A Modified PSO Algorithm for Minimizing the Total Costs of Resources in MRCPSP

1Department of Industrial Engineering, Sharif University of Technology, Tehran 11365-8639, Iran
2Department of Industrial Engineering, Faculty of Engineering, Ferdowsi University of Mashhad, Mashhad 9177948974, Iran

Received 6 September 2011; Revised 4 December 2011; Accepted 30 December 2011

Academic Editor: Yi-Chung Hu

Copyright © 2012 Mohammad Khalilzadeh et al. This is an open access article distributed under the Creative Commons Attribution License, which permits unrestricted use, distribution, and reproduction in any medium, provided the original work is properly cited.

Abstract

We introduce a multimode resource-constrained project scheduling problem with finish-to-start precedence relations among project activities, considering renewable and nonrenewable resource costs.
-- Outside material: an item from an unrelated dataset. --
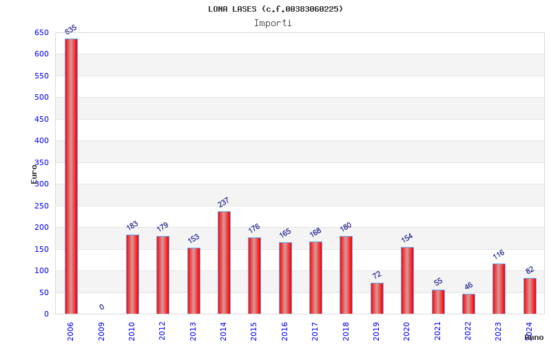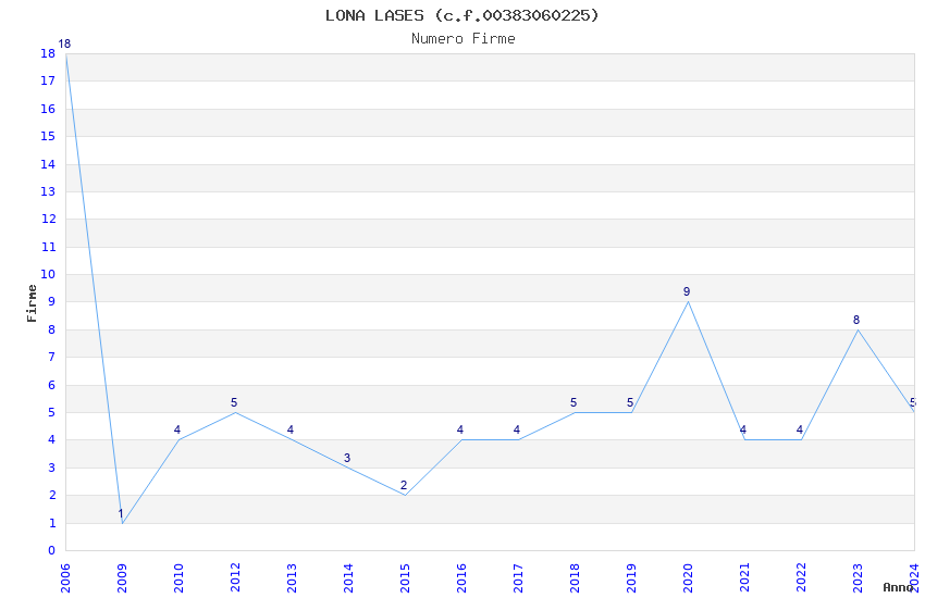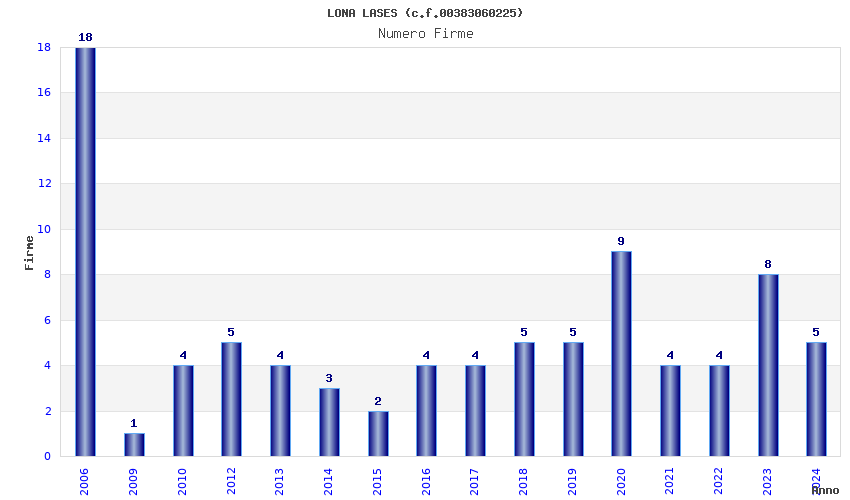 | Anno | Firme | Importi | Media | Naz. | Reg. | Prov. | Comu. |
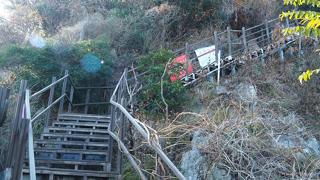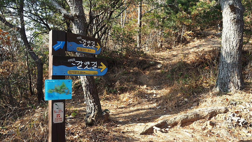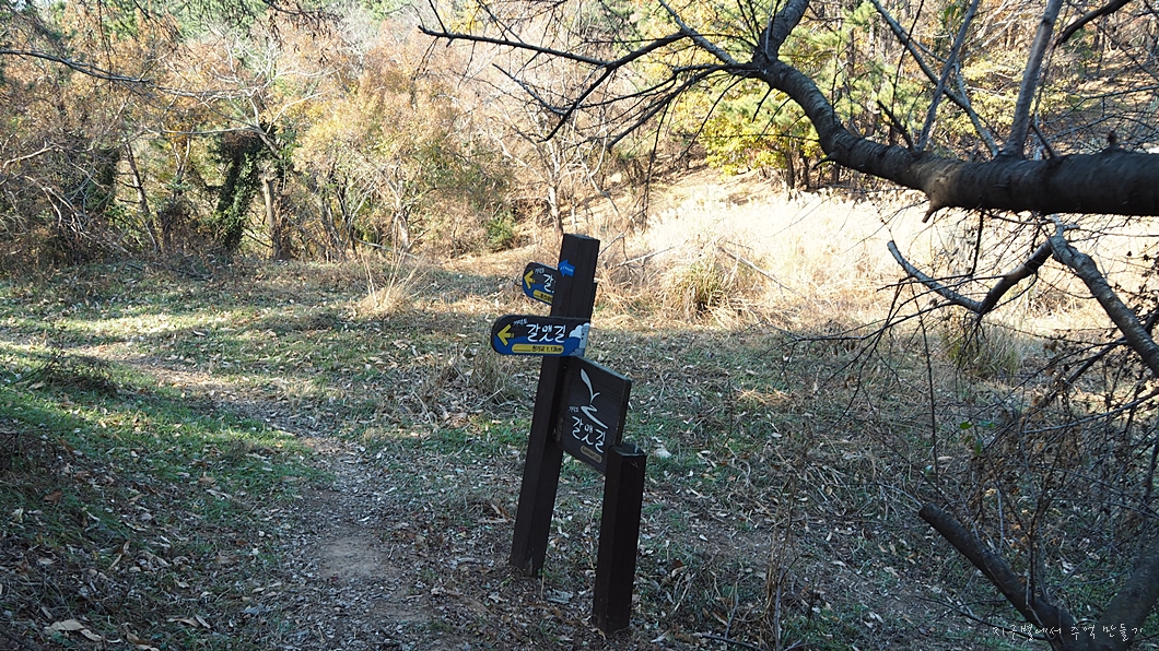 기존 갈맷길은 좌측 길인데 이곳에서 안내 표시가 없는 우측으로 내려갑니다.

We assume that renewable resources are rented and are not available in all periods of time of the project. In other words, there is a mandated ready date as well as a due date for each renewable resource type so that no resource is used before its ready date. However, the resources are permitted to be used after their due dates by paying penalty costs. The objective is to minimize the total costs of both renewable and nonrenewable resource usage. This problem is called multimode resource-constrained project scheduling problem with minimization of total weighted resource tardiness penalty cost (MRCPSP-TWRTPC), where, for each activity, both renewable and nonrenewable resource requirements depend on activity mode. For this problem, we present a metaheuristic algorithm based on a modified Particle Swarm Optimization (PSO) approach introduced by Tchomté and Gourgand which uses a modified rule for the displacement of particles. We present a prioritization rule for activities and several improvement and local search methods. Experimental results reveal the effectiveness and efficiency of the proposed algorithm for the problem in question.